### Provided material
===============
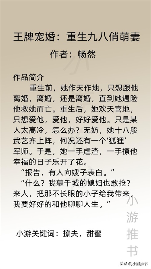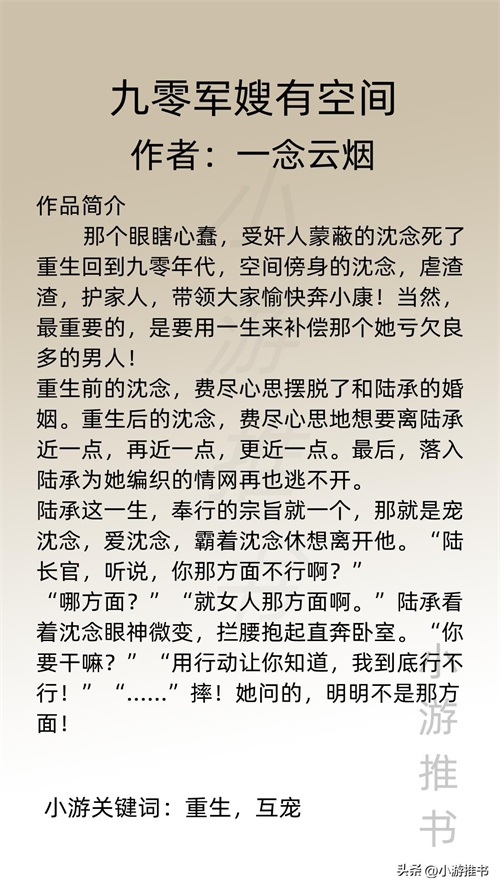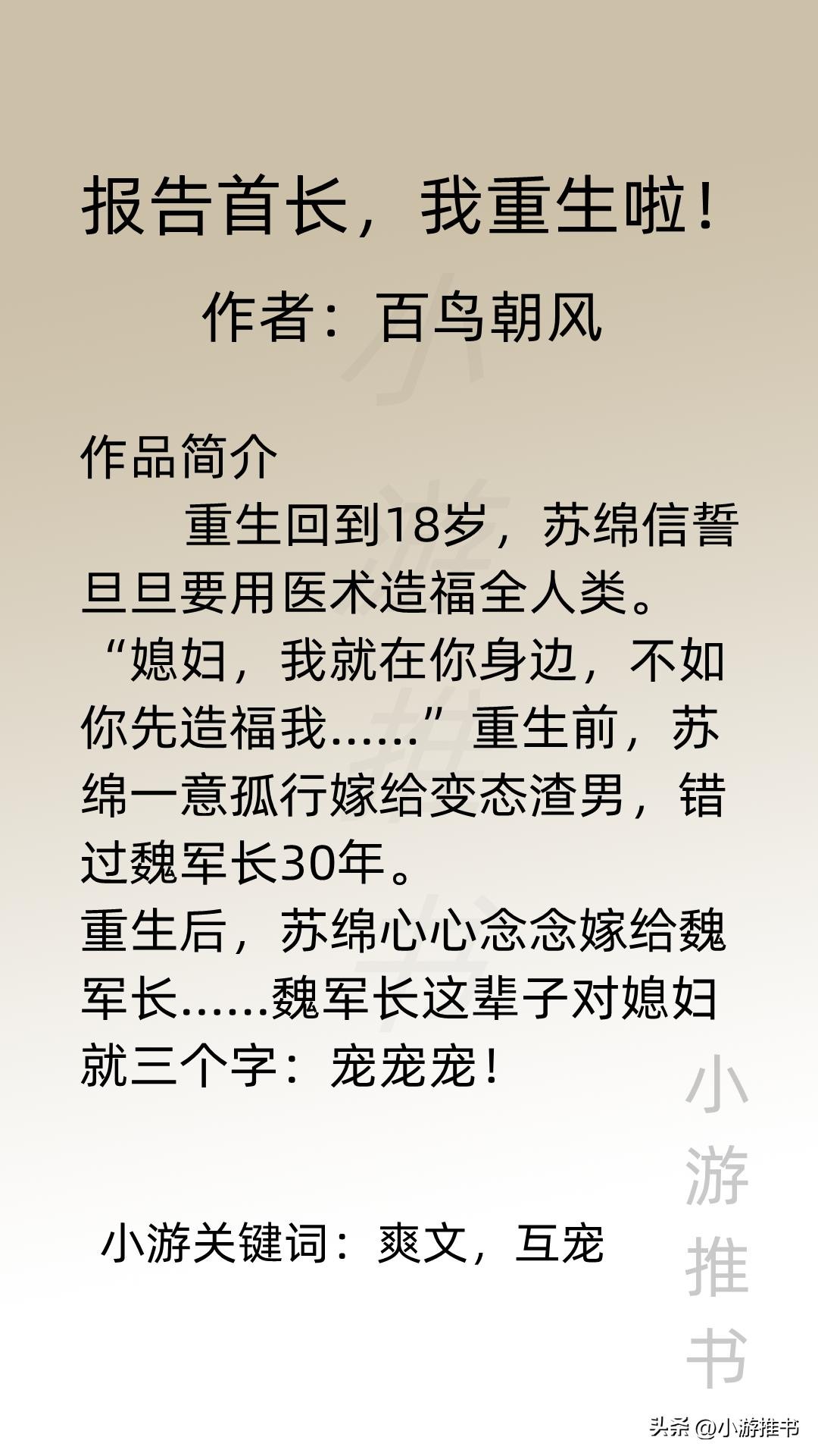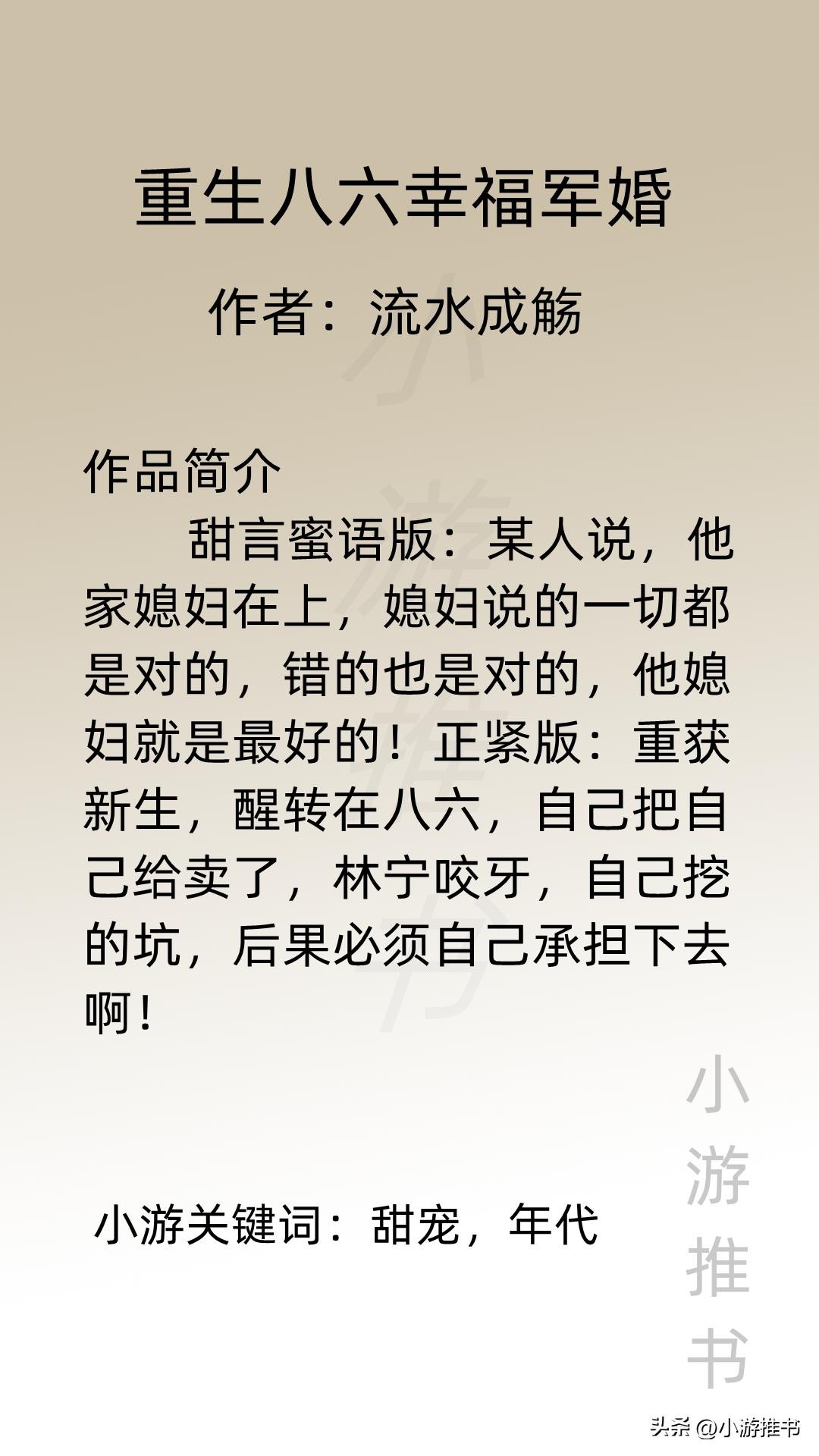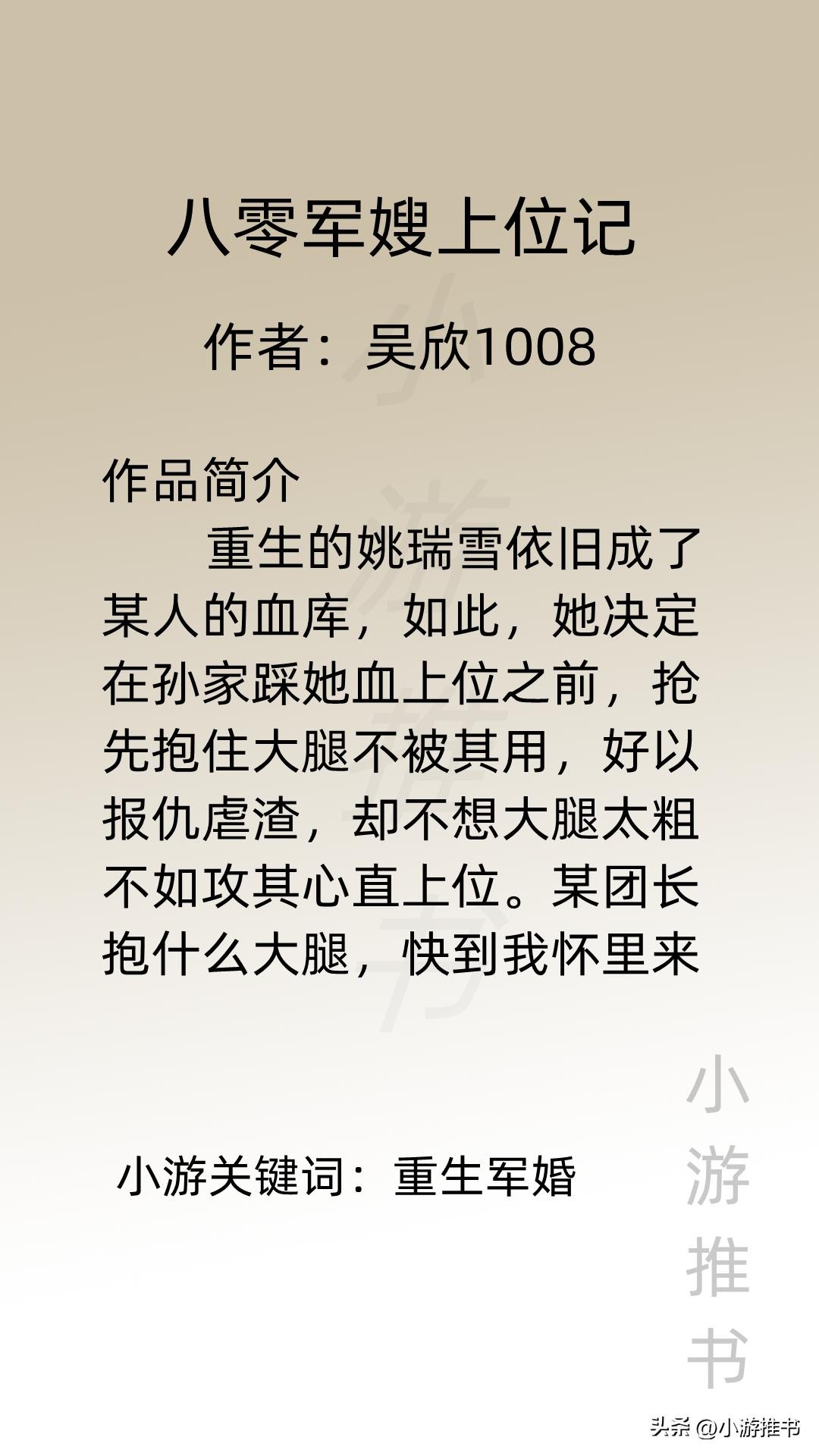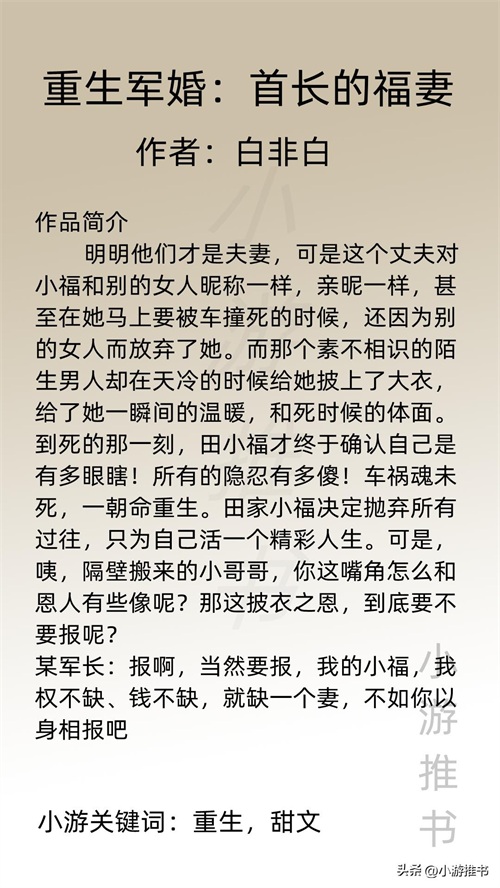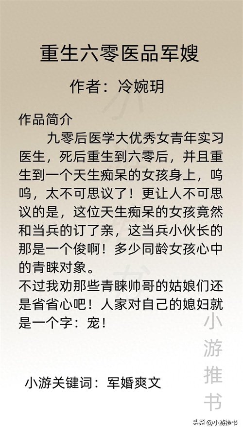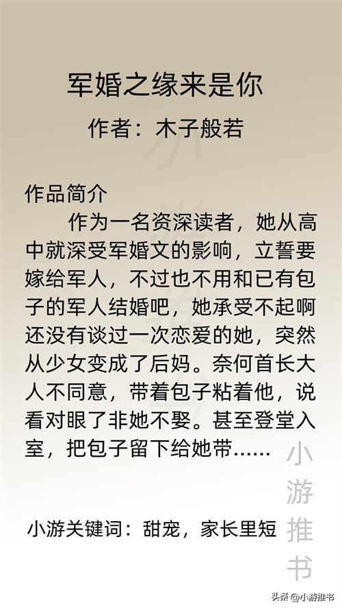 大家好,我是@小游推书,今日份是军婚系列小说,都是甜宠爽文,量大管饱,喜欢这类型的宝子们赶紧入坑吧!#军婚##小说推荐##言情#
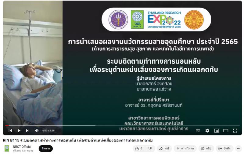 - ผลงานสายนวัตกรรมอุดมศึกษา ประจำปี 2565 ด้านการสาธารณสุข สุขภาพ และเทคโนโลยีทางการแพทย์: ระบบติดตามท่าทางการนอนหลับ เพื่อระบุตำแหน่งเสี่ยงของการเกิดแผลกดทับ
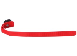 Quick-release strap for towbar-mounted bike carrier, length 38cm - replacement partSturdy quick-release strap made of flexible plastic for securing the bicycle tire to the rail (support track) on the bike carrier using a sliding safety locking…
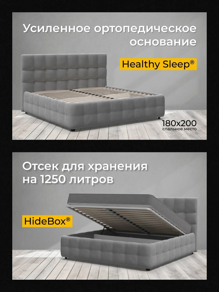 Отзывы на Двуспальная кровать Босс, с подъемным механизмом, велюр Monolit стальной, спальное место 180х200 см
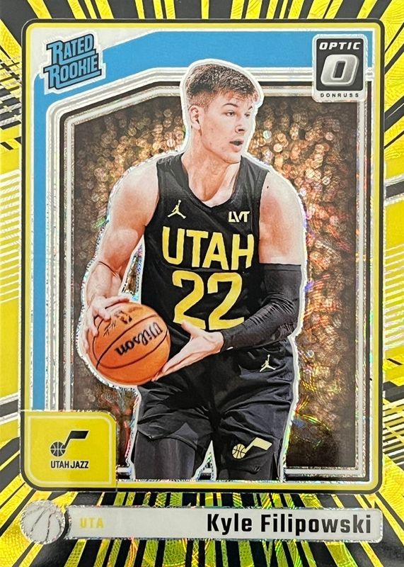 This card is 1 of 76 Kyle Filipowski's card variations in the 2024 Optic set being tracked by Sports Card Investor, including Base, Blue Velocity, Checkerboard, Choice, and Fast Break.
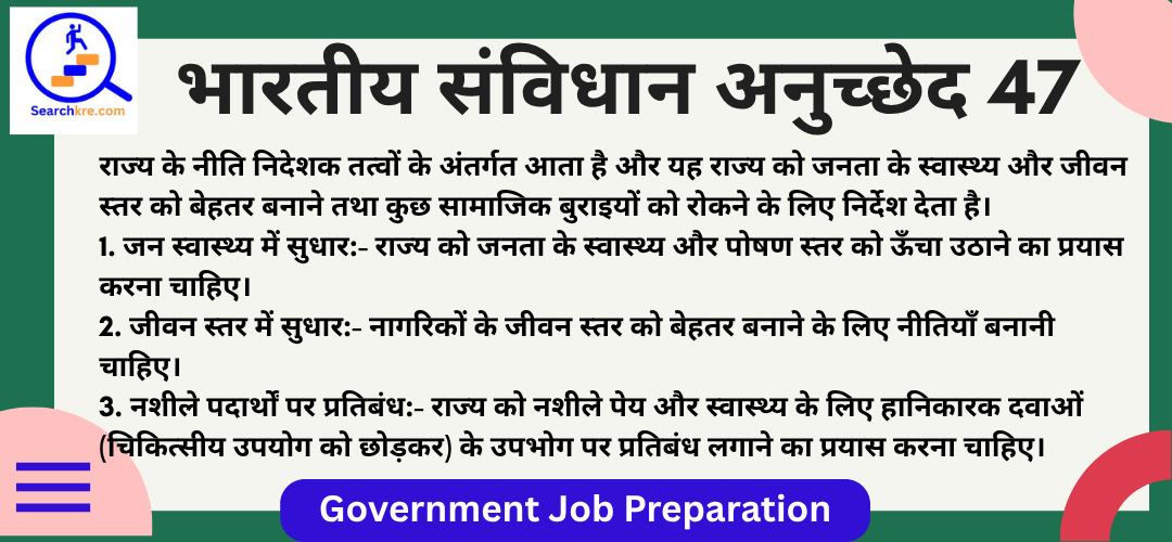 भारतीय संविधान का अनुच्छेद 47 में निम्नलिखित प्रावधान शामिल हैं:
===============
### What you should do
A word-for-word copy of the lines from the one containing "This card is" through the last line of the records is what is wanted, without pictures and without any other line.

### Answer space
 This card is 1 of 76 Kyle Filipowski's card variations in the 2024 Optic set being tracked by Sports Card Investor, including Base, Blue Velocity, Checkerboard, Choice, and Fast Break.
 भारतीय संविधान का अनुच्छेद 47 में निम्नलिखित प्रावधान शामिल हैं:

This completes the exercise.